#### What you should do
A faithful copy of the data, pictures omitted, is the required answer.

#### Recorded information
- Opening Delimiter -

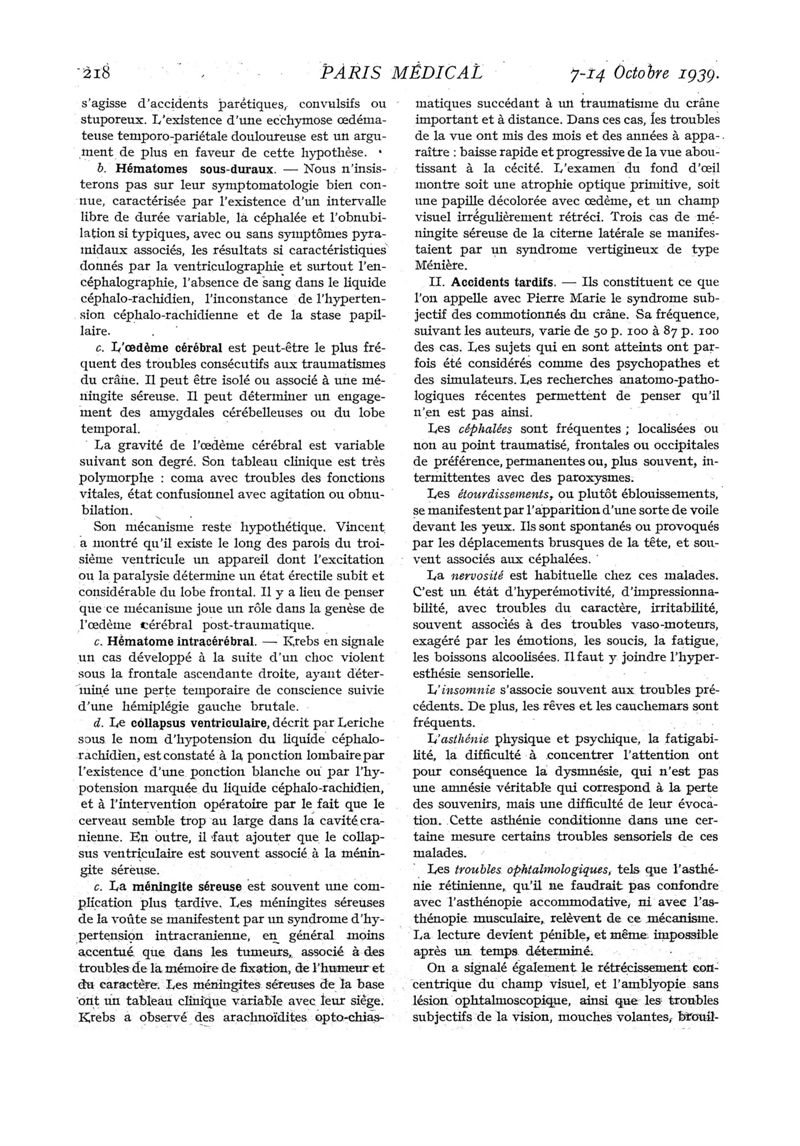1939, n° 113, partie médicale. -
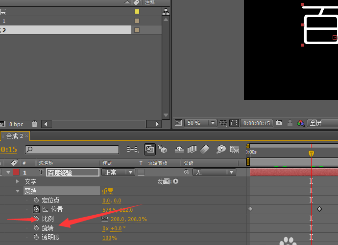 4、除此之外,文字的其他屬性也可以做動畫,比如,旋轉、比例,都可以,大家嘗試一下!
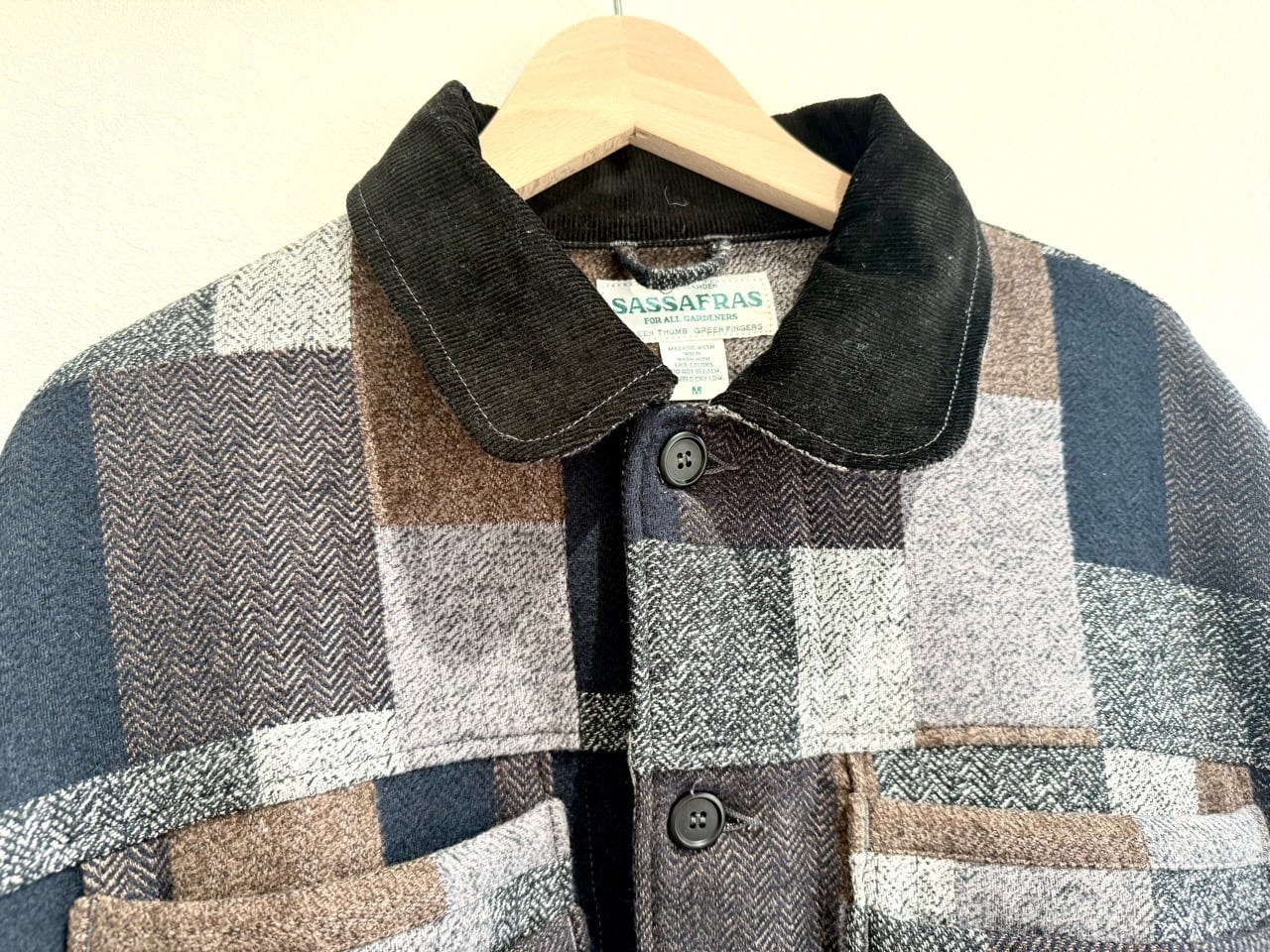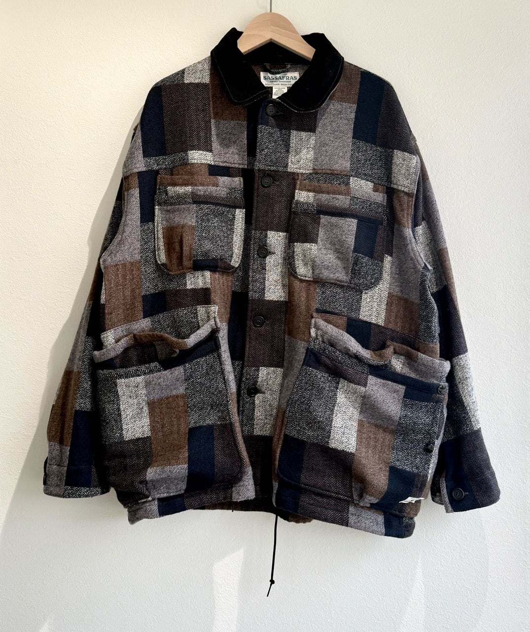 [SASSAFRAS] overgrown warden jacket cotton tweed patch check ササフラス オーバーグロウンワーデンジャケット パッチチェック
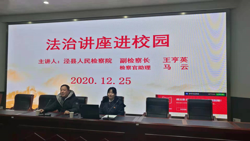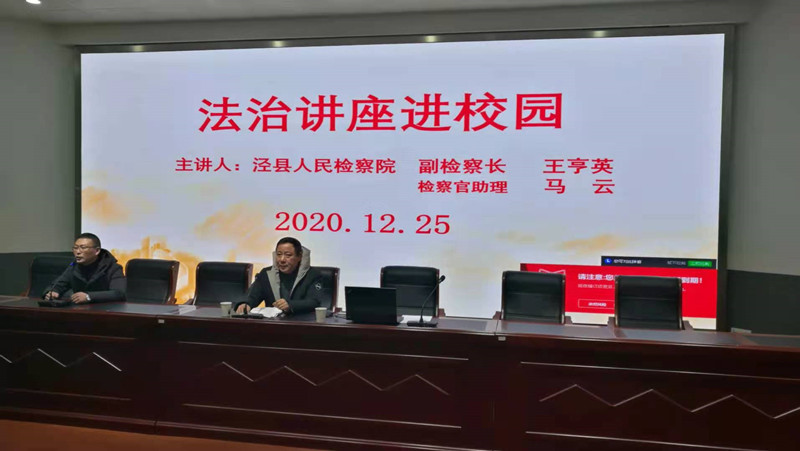 为了增强青少年法治观念,提升未成年人学法、知法、守法和用法意识,维护自身合法权益,12月25日下午,我校特邀泾县人民检察院副检察长王亨英、检察官助理马云到我校开展法治教育讲座,我校七年级近200名学生在校阶梯教室聆听了讲座。
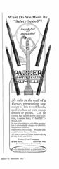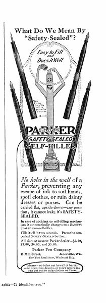 Scanning of advertising from Parker dated 1917-03. Published on: The National Geographic. Retouched by the author for a better sharpness. Dating given by the provider. Advertising for a Parker Lucky Curve model illustrating the button filler merits, the absence of opening for ink exit (called Safety-Sealed) and the new washer clip.

- Closing Delimiter -

#### Task output
1939, n° 113, partie médicale. -
 4、除此之外,文字的其他屬性也可以做動畫,比如,旋轉、比例,都可以,大家嘗試一下!
 [SASSAFRAS] overgrown warden jacket cotton tweed patch check ササフラス オーバーグロウンワーデンジャケット パッチチェック
 为了增强青少年法治观念,提升未成年人学法、知法、守法和用法意识,维护自身合法权益,12月25日下午,我校特邀泾县人民检察院副检察长王亨英、检察官助理马云到我校开展法治教育讲座,我校七年级近200名学生在校阶梯教室聆听了讲座。
 Scanning of advertising from Parker dated 1917-03. Published on: The National Geographic. Retouched by the author for a better sharpness. Dating given by the provider. Advertising for a Parker Lucky Curve model illustrating the button filler merits, the absence of opening for ink exit (called Safety-Sealed) and the new washer clip.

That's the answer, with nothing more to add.